Question

Soni was trying hard to prove $asin\theta +bcos\theta =\pm \sqrt{a^2+b^2-c^2}$. When $acos\theta -bsin\theta =c$. Her classmate Swati gave her a hint of squaring both sides of $acos\theta -bsin\theta =c$ and proceed further.
Following her hint, Soni was able to solve the problem and she thanks Swati for this hint.

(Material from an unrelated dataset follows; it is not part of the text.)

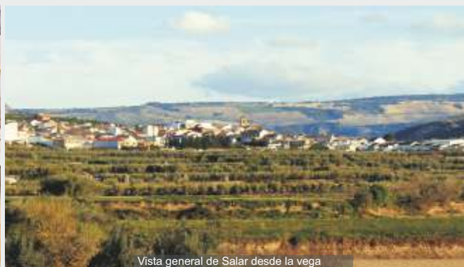
Vista general de Salar desde la vega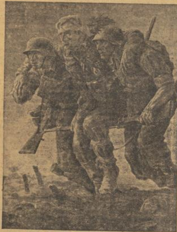
„Kameraden“, Ölgemälde von Richard Rudolph Die Welt des Soldaten auf der Großen Deutschen Kunstausstellung 1943 in München

An den Fronten aber stehen die Soldaten der wertvollen und schöpferischen Völker und Menschheitsrassen, um die Diktaturpläne der jüdischen Parasiten und ihrer Handlanger abzuwehren. Neben den blonden Söhnen Germaniens stehen die dunkellockigen Nachkommen des alten römischen Imperiums und mehr und mehr die Freiwilligen selbst der östlichen Gebiete Europas, um die Verstepfung abzuwehren, die aus dem Osten vordringen will. Un' fern in Ostasien stehen die jungen Söhne des uralten Sonnenbauers Nippons, um das Lebensrecht ihrer Rasse und den asiatischen Kontinent vor der Raubgier der jüdischen Ausbeuter zu schützen und neuzuformen. Die Ausbeuter der Weltwirtschaft hatten fremde Lebensräume und Rohstoffquellen der Erde zusammengestohlen, nicht um sie für die Menschheit zu nutzen, sondern um sie ihr vorzuenthalten. Während auf den Feldern Europas fleißige Bauernhände Brot fürs Volksganze schaffen, lassen die jüdischen Ausbeuter weite Erdgebiete brachliegen; sie lassen wertvolle Ernten verkommen und vernichten, um einer-

Write the solution of the problem.

Answer 1

We have, $(acos\theta -bsin\theta )=c$

$=(acos\theta -bsin\theta {)}^2=c^2$ (squaring both sides)

$=a^{2}co{s}^2\theta +b^{2}si{n}^2\theta -2absin\theta \times cos\theta =c^2$

$=a^2(1-si{n}^2\theta )+b^2(1-co{s}^2\theta )-2absin\theta \times cos\theta =c^2$

$=$ $a^{2}si{n}^2\theta +b^{2}co{s}^2\theta +2absin\theta \times cos\theta$=$a^2+b^2-c^2$

$=(asin\theta +bcos\theta {)}^2=a^2+b^2-c^2$

$=(asin\theta +bcos\theta )=\pm \sqrt{a^2+b^2-c^2}$